Interestingly Eli's coat looks great


----------



## DHau (Feb 24, 2007)

I will take a German Shepherd's shedding over a Golden Lab or any other short-haired dog. It's everywhere and you can't remove it as easily.


----------



## GSDgirlAL (Jan 4, 2008)

Ava sheds more than Cooper ... which is hard to believe b/c he is a big fluff ball!


----------



## arycrest (Feb 28, 2006)

Over the years I've had some who started shedding on January 1st and stopped on December 31st. I've had others like Slider and Bruiser who shed once or twice a year. While Mac never sheds.


----------



## Brightelf (Sep 5, 2001)

GSDs shed a bit all year round. Not too bad at all, if you brush them. But twice a year, prepare to be amazed.







They blow coat in spring and fall. That's when you brush daily.
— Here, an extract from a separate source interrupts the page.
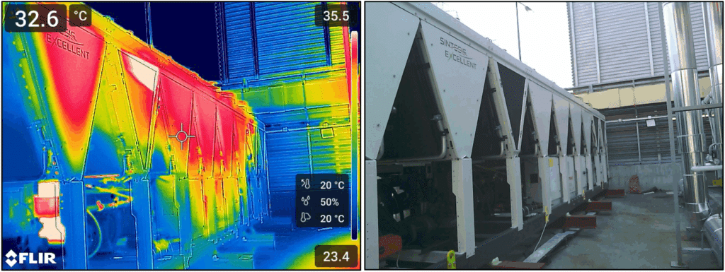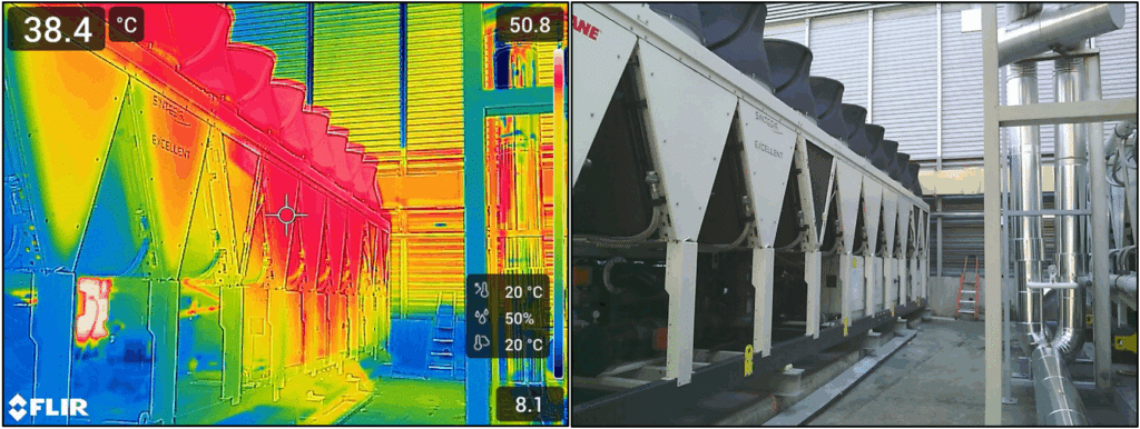 Las lecturas termográficas muestran claramente zonas de recirculación de aire caliente (bucle térmico) alrededor de algunos enfriadores de aire. Las imágenes de infrarrojos muestran halos calientes y lenguas térmicas que se desarrollan alrededor de los capós transparentes, signo del descenso del penacho y de la reaspiración parcial por los intercambiadores de calor vecinos. En las inmediaciones de los capós y las carcasas de los enfriadores de aire, la temperatura aparente aumenta y se estira en la dirección del flujo, lo que indica una dilución insuficiente de las emisiones y una recirculación en trayectorias cortas. El fenómeno se amplifica cuando el viento incidente choca contra las pantallas o paredes laterales, creando zonas de baja velocidad y vórtices de estela que atrapan el aire caliente en las tomas de aire.

If fed a raw diet, GSDs shed very little.


----------



## Gabriel007 (Jun 14, 2008)

Here is a related thread that I just found in germanshepherds.com » Forums » Life With Our Dogs » General Information:
Shedding


----------



## Max Power (Feb 28, 2014)

a lot, in my experience. I had two standard poodle sisters for 12 years together and now just one who just turned 14 two weeks ago. That is 26 years of poodles. We go on vacation to Italy 3-4x a year and always drive. We just went down last week to the Garda lake and I can say that the GSD shed more in his first trip in the car than the combined total of 26 years of poodles ever did. It took me forever to get the fur off the seats. This is the last time I save money by getting fabric seats in my company lease car. Leather only from now on, even if I have to pay for it. The temp here in Germany was 75 when we left with little GSD shedding but it was in the low to mid 90s in Italy and the dog blew his coat out once again. I guess we are still in the middle of the busy shedding season, which appears to run from Jan. to December.


----------